What do you actually deliver?
Your services are the how, not the what.
Three female founders walk into a Brooklyn cafeteria…
True story. Last week, I met up with two other fabulous women business owners for lunch at a cool, only-in-Brooklyn “cafeteria.” It was a long lunch and we closed the place at 4pm. The food and the conversation were excellent.
We talked books (we’re all avid readers) and we talked business. In terms of the latter, we all shared what’s working and what we wish was working, and what we love doing and really don’t like doing at all.
And we discussed how we talk about what we do. In that topic… gold.
Most often, when female founders say what they do, they’re really telling you how they do it. They’re not telling you the impact of their work, the outcome they deliver.
This was not just a lunch-time conversation. I see it consistently with my clients. And heck, I often fall into the “how” pit myself. Today, I want to pull this apart in order to help you think (and talk) differently about what you actually do.
What you do is the outcome you deliver.
We’re talking transformation. It’s what you help your client achieve and how you make them feel. It’s the real reason they want to hire you. They may not come out and say it, but it’s what they’re looking for.
Let’s take my business as an example. I help my clients build thriving, consistently profitable businesses in support of the life they want to be living. I help them feel empowered and confident as business owners.
How do I do this?

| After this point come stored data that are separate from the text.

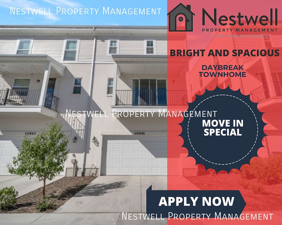 This amazing Daybreak townhome offers plenty of space and comfort, featuring large windows that let in an abundance of natural light, along with automated roller shades in the main living areas for added convenience. The open floor plan seamlessly connects the kitchen, dining room, and living room, creating a perfect space for relaxation or entertaining. You'll also enjoy access to all of Daybreak's incredible amenities. Schedule your Showing Appt. ONLINE NOW! * 50% Off First-Month's Rent* Promotion: If you sign a lease for a Nestwell Managed rental this month, your application fees will be refunded. Showing times don't work? AVAILABLE DATE: NOW! LEASE LENGTH: Lease ending longer term of Spring of 2027 OCCUPANCY RULE: No More than 4 unrelated adult occupants TYPE: Townhome TOTAL SQ FEET: 2178 GARAGE: 2 Car Garage FENCED YARD: No Yard FEATURES: - 4 Bedrooms - 3.5 Bathrooms - Upgraded Countertops - Island Kitchen - Stainless Steel Appliances - Family Room - Walk-In Closet - Double Vanity - Separate Tub & Shower - Washer/Dryer Included - Cold Storage - Balcony - Google Control Surface Center - Nest Thermostat - Smart Cameras - New Paint - New Carpet - And more... TENANT CHARGES: - Resident to sign/pay for gas & electricity - Resident to pay for water & garbage monthly - Resident to pay $33.00 for Sewer Monthly - Resident to pay $143.50 HOA Fee per month - Resident Benefits Package (RBP) = $34.95 per month *For information on this service - Property Damage Liability Waiver For Residents (PDLW) = $15.95 per month.**For - Security Deposit = Same as rent depending on application score (fully refundable) - Application Fee = $40.00 per applicant 18 and older - Lease Initiation Fee = $150.00 after approval and upon signing - Pet fees as listed (if applicable) - If the mailbox is a community box that requires a key, it is owned by the Postal Service. A small fee may be required to get mailbox keys upon move-in. *Washer & Dryer provided as a courtesy, owner may choose not to repair them HOA INCLUDES: - Fitness center & clubhouse - Pools & playgrounds - Trails & bike paths - Lake access, boats, kayaks, etc. YARD CARE: Maintenance Free Community! PETS: - $479.00 per pet security deposit ($239.50 AMOUNT refundable) & $55.00 pet rent per pet. - You will be required to fill out an animal profile and will be provided the link after you have submitted your application and paid the fee. - No resident or residents at any one premises shall at any one time own, harbor, or license more than ONE total animal in any combination - ONE PET will be considered if they meet our pet guidelines.- The pet application fee is $30 for the first pet, $30 for each additional pet, and $0 for assistance animal accommodation requests. - For puppies & kittens less than 12 months old, there is a non-refundable fee of $100 and a monthly charge of $10/month until the pet reaches 12 months of age in addition to the regular fees. NO Smoking or Vaping is permitted in or on the property. SHOWING INSTRUCTIONS: TO APPLY: - $40.00 application fee per adult to be paid at the time of application. - All applicants will be required to fill out an animal profile even if you do not have a pet. The link will be provided after you have submitted your application and paid the fee. - We process all applications, and the first application that completes all the paperwork requirements will be processed first. PROPERTY MANAGER: CDA/Nestwell Property Mgmt. 8813 S Redwood Road #D1 West Jordan, UT 84088 * All information is deemed reliable but not guaranteed and is subject to change. Animals (Friendly) Bangerter Highway Access Clubhouse/Fitness Center Cold Storage Cooling (Central Air) Countertops (Granite/Quartz) Disposal Double Vanity Floors (Carpet) Floors (Laminate/Lvp) Floors (Tile) Garage (2 Car) Gas Stove Hoa Community I 15 Access I 215 Access Island Kitchen Mountain View Corridor Access New Flooring New Paint New Property ( 5 Years) Pool Separate Tub & Shower Sprinklers (Auto) Trax Station Access Views Washer/Dryer In Unit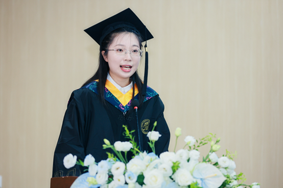 Alumna representative Nancy Xu from the class of 2019 extended her heartfelt congratulations and advised the new graduates to embrace changes and uncertainties as opportunities for growth. She encouraged them to dream big, face challenges head-on, and seize opportunities.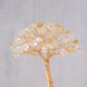 「聚寶盆-永生水晶樹」是以黃水晶與晶洞結合注金工藝線編製而成。底部使用纏繞的方式包裹著晶洞,展現出根系生長的姿態,順著枝幹向上攀升的過程,逐漸展現出花木的生長方式,結上一顆顆的黃水晶,猶如枝葉綻放,絢麗而生動。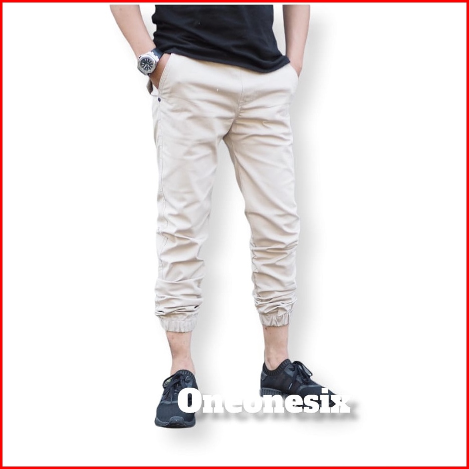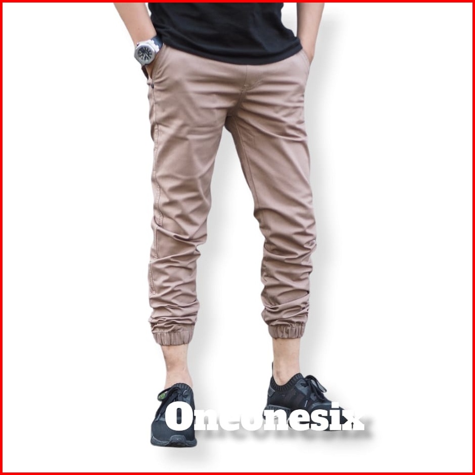 Celana Panjang Jogger Chinos Pria Wanita Premium Joger Chino Polos Bahan Katun Twill Ngaret Melar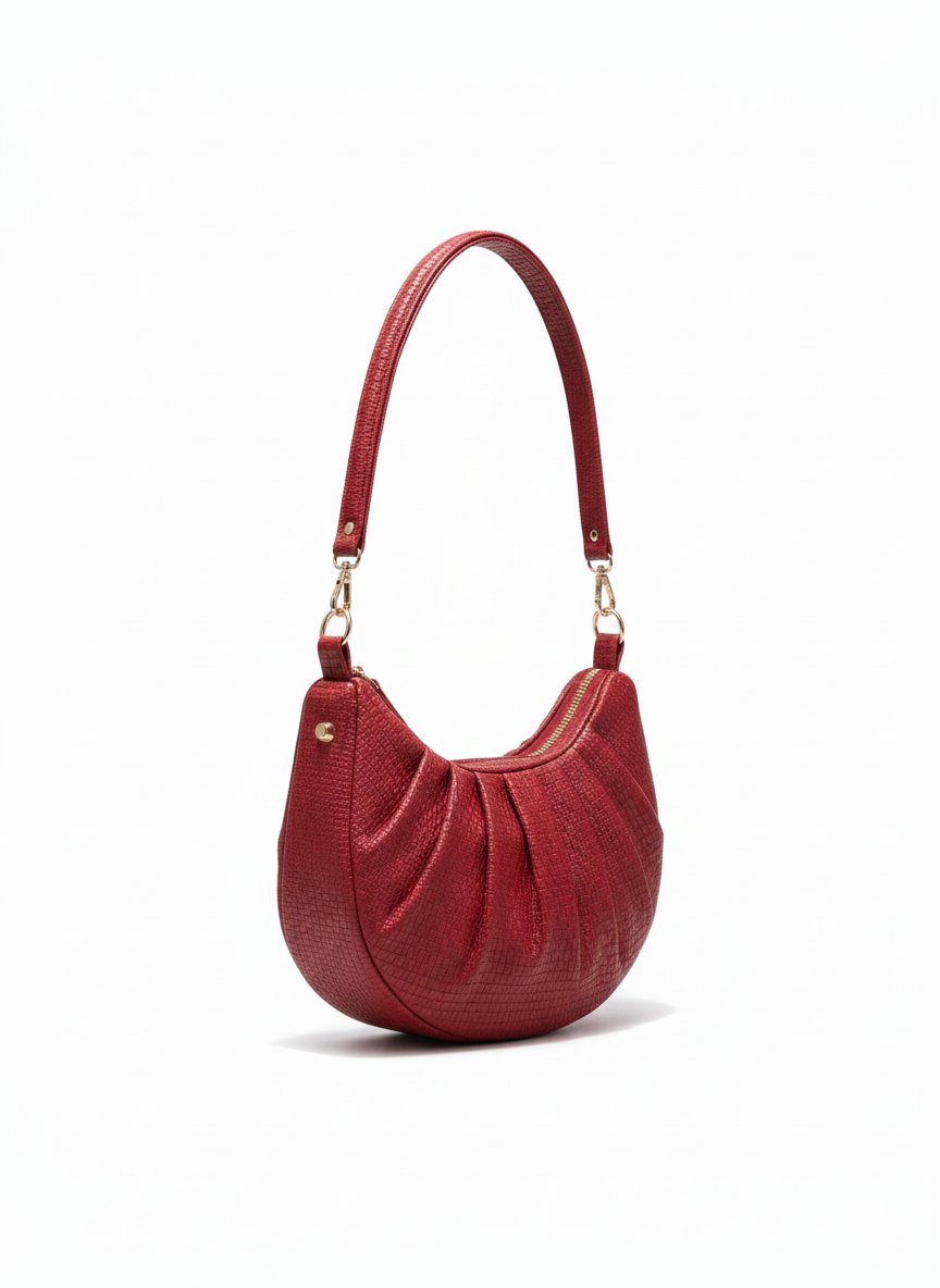 Apni daily look ko upgrade kar le is stylish Lehriya Shoulder Bag ke saath. Soft pleated design, classy shape aur blush pink shade—ye bag har outfit ko instantly premium bana deta hai.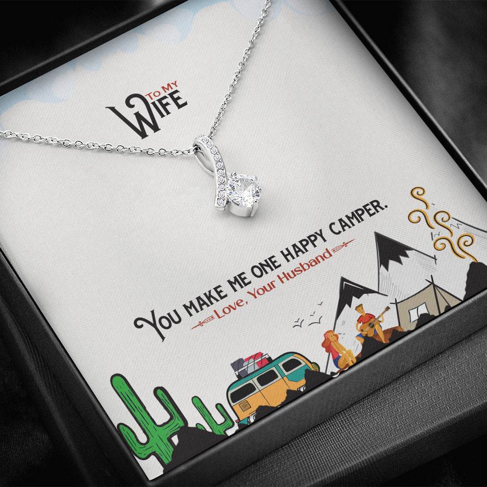 Melt her heart with this ALLURING BEAUTY necklace gift! The petite ribbon shaped pendant is finished with 14K white gold over stainless steel, and is embellished with dainty clear crystals surrounded by a sparkling 7mm round cut Cubic Zirconia.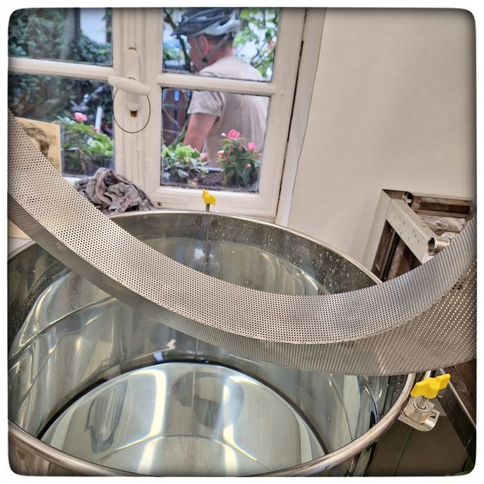 Wasser einlaufen lassen und auch die Kleinigkeit mit dem Läuterring nicht vergessen. Ist nämlich erst einmal eingemaischt, dann ist das ein rechtes Gefummel.

Strategy, advisory, and coaching. Weekly calls. Ongoing support.
You get the idea. This applies whether you’re operating a B2B model, selling services to companies, or a B2C model, supporting individuals.
Always think about your work in terms of the outcome you help them achieve.
Why do we default to the “how”?
The first answer to this question is that it’s easy. And it’s understandable. When someone asks what we do, the role, the title, the “how” is what’s readily available so that’s what we go with.
The next answer gets to the layer below this. I think there’s a part of us that’s reluctant to own the impact of our work. There’s some sort of block or thin film that keeps us from accessing that next level, beyond the how.
What creates the block?
There are a few things at play:
It can be hard to get perspective on our work “from inside the jar.”
We may not believe we created the outcome.
We’re reluctant to state our impact for fear of it seeming like we’re bragging.
We can be afraid of standing out when we own what we do and thus being cut down (aka “tall poppy syndrome”).
Be honest. Do any of these sound familiar?
Why it’s important to figure this out.
Let’s start with the most obvious answer. You’re out somewhere and meet someone new. And they ask you what you do.
Most often founders default to the title they’ve created for themselves. In my case, that would be Business Strategist & Advisor for female founders of service-based businesses. Is that true? 100% yes. But does it tell the whole story? Absolutely not.
Take this scenario one step further — whether it’s meeting other women businesses owner IRL or connecting with them online — where your goal is be memorable enough to potentially get referrals. When you say you’re a branding expert or website developer for women business coaches, how do you stand out from the rest so that you’re referrable?
Then there’s your website, newsletter, and social media posts. The content you create for all of the above broadcasts to the world (and hopefully your ideal client) what you want to be known for. If you’re staying in the “how” and not the transformation, you’re missing out on potential opportunities (clients and collaborations).
Lastly, there’s the moment when you’re actually pitching a client. As I like to say, no one cares “how the sausage gets made.” They care about the sausage itself. How are you going to change their business and life?
We’re talking about positioning.
When you stay at the level of deliverables:
“Brand strategy”
“PR support”
“Digital marketing”
you become harder to differentiate.
The agencies and founder-led businesses that grow faster tend to articulate:
What decision gets made
What problem gets solved
What risk gets removed
What outcome becomes possible
when a client works you.
You’re selling the transformation, not the activity.
How to move beyond it.
Okay, so we know why it happens and the impact on our businesses. Now we need to look at some ways to get to the heart of what we do. The outcomes or transformation we deliver.
Ask “to what end?” or “so what?”
These are questions I use when I’m working with clients on their service offerings. I’ll ask them what they do. To which as noted above, nine times out of ten they’ll respond with how they do it.
Once we get clear that we’re looking for outcomes, they’ll answer again. This answer is closer to revealing the real work they’re doing. And yet often, it’s still not quite there. It’s not getting to the heart of what the client is gaining in the process of working with them.
At which point I ask, “To what end?,” often more than once. For example, “I design branding that elevates their business.” Excellent… To what end? What does “elevating their business mean”?
Another version of this question also works, “So what?”. ”I create on-brand websites for female-founded service-based businesses.” So what? What does an “on-brand website” get the founder?
The next time you’re describing what you do, push yourself to ask one of these questions and keep asking until you get to the true outcome you deliver.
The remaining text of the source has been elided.